Поскольку Леннокс до сих пор не вернулся, по лагерю упорно циркулировали разговоры о том, что он попросту сбежал; впрочем, никто его не осуждал. Напротив, пример профессора оказался заразительным, и большинство техников, рабочих и прочих сотрудников нашей фирмы спешно, используя все доступные транспортные средства или пешком, убыло в город. «Похоже, в Феннере случилось что-то из ряда вон выходящее», — сказал мне один работник и указал в сторону деревни, где виднелись два или три столба дыма (к моменту моего пробуждения они все еще сохранялись и, по словам Ферьянци, даже увеличились), а также какое-то синеватое зарево.

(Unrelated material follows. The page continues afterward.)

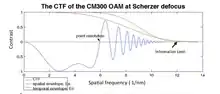 The contrast transfer function (CTF) mathematically describes how aberrations in a transmission electron microscope (TEM) modify the image of a sample.[1][2][3][4] This contrast transfer function (CTF) sets the resolution of high-resolution transmission electron microscopy (HRTEM), also known as phase contrast TEM.

Передо мной и Иштваном лежало два пути: поддавшись всеобщему возбуждению и испугу уходить в Милфорд и тем самым сохранить свои жизни, или направиться в Феннер, чтобы узнать, каково там положение. Мы понимали, что второй вариант практически наверняка связан со значительной опасностью, однако какое-то необъяснимое чувство толкало нас пойти за Бартом и его спутниками, которым, как и жителям деревни, возможно, угрожало что-то очень страшное. К сожалению, нам не удалось найти на территории базы никакого оружия, поэтому мы были вынуждены отправиться в Феннер с пустыми руками, надеясь на то, что сможем обзавестись какой-то защитой в деревне.
По мере приближения к деревне, пристально всматриваясь во все более различимые клубы дыма, поднимающиеся над крышами Феннера, я заметил также загадочную, отдающую лиловым блеском мглу, медленно расстилающуюся по злосчастному селению. Вскоре мы увидели языки пламени, пожирающие множество жилых и хозяйственных построек Феннера, и задались вопросом, кто мог устроить столь сильный пожар? Спустя несколько минут, уже вплотную подойдя к некогда живой, а теперь превратившейся в пепел и золу изгороди, мы окончательно убедились в том, что огнем объяты почти все деревенские дома, а некоторые из них уже совсем выгорели или пока еще тихонько тлели. Местные жители пока не попадались нам на глаза, и мы порядком встревожились за их судьбу. Повсюду в воздухе присутствовали следы лилового газа, а там, где располагался сарай Хартли, из-за лилового тумана издалека уже почти ничего не было видно.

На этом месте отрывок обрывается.